Exercise inputs>
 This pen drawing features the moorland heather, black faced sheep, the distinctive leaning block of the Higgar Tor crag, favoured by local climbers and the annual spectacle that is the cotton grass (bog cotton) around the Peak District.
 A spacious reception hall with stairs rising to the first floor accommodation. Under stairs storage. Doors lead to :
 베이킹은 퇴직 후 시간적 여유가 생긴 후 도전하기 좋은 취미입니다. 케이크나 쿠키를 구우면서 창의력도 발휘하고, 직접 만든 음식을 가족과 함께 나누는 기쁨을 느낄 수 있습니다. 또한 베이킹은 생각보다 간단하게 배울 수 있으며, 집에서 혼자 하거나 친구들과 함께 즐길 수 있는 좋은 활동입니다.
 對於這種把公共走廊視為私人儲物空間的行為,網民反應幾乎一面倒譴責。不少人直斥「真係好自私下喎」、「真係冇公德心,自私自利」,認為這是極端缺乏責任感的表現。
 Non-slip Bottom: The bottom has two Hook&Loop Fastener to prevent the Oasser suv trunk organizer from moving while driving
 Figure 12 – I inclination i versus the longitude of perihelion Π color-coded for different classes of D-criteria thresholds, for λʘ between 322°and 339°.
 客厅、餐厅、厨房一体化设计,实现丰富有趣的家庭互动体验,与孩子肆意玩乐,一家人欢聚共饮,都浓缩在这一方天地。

Work instructions>
Going line by line, set down the data above exactly as given.

Result of the task>
 This pen drawing features the moorland heather, black faced sheep, the distinctive leaning block of the Higgar Tor crag, favoured by local climbers and the annual spectacle that is the cotton grass (bog cotton) around the Peak District.
 A spacious reception hall with stairs rising to the first floor accommodation. Under stairs storage. Doors lead to :
 베이킹은 퇴직 후 시간적 여유가 생긴 후 도전하기 좋은 취미입니다. 케이크나 쿠키를 구우면서 창의력도 발휘하고, 직접 만든 음식을 가족과 함께 나누는 기쁨을 느낄 수 있습니다. 또한 베이킹은 생각보다 간단하게 배울 수 있으며, 집에서 혼자 하거나 친구들과 함께 즐길 수 있는 좋은 활동입니다.
 對於這種把公共走廊視為私人儲物空間的行為,網民反應幾乎一面倒譴責。不少人直斥「真係好自私下喎」、「真係冇公德心,自私自利」,認為這是極端缺乏責任感的表現。
 Non-slip Bottom: The bottom has two Hook&Loop Fastener to prevent the Oasser suv trunk organizer from moving while driving
 Figure 12 – I inclination i versus the longitude of perihelion Π color-coded for different classes of D-criteria thresholds, for λʘ between 322°and 339°.
 客厅、餐厅、厨房一体化设计,实现丰富有趣的家庭互动体验,与孩子肆意玩乐,一家人欢聚共饮,都浓缩在这一方天地。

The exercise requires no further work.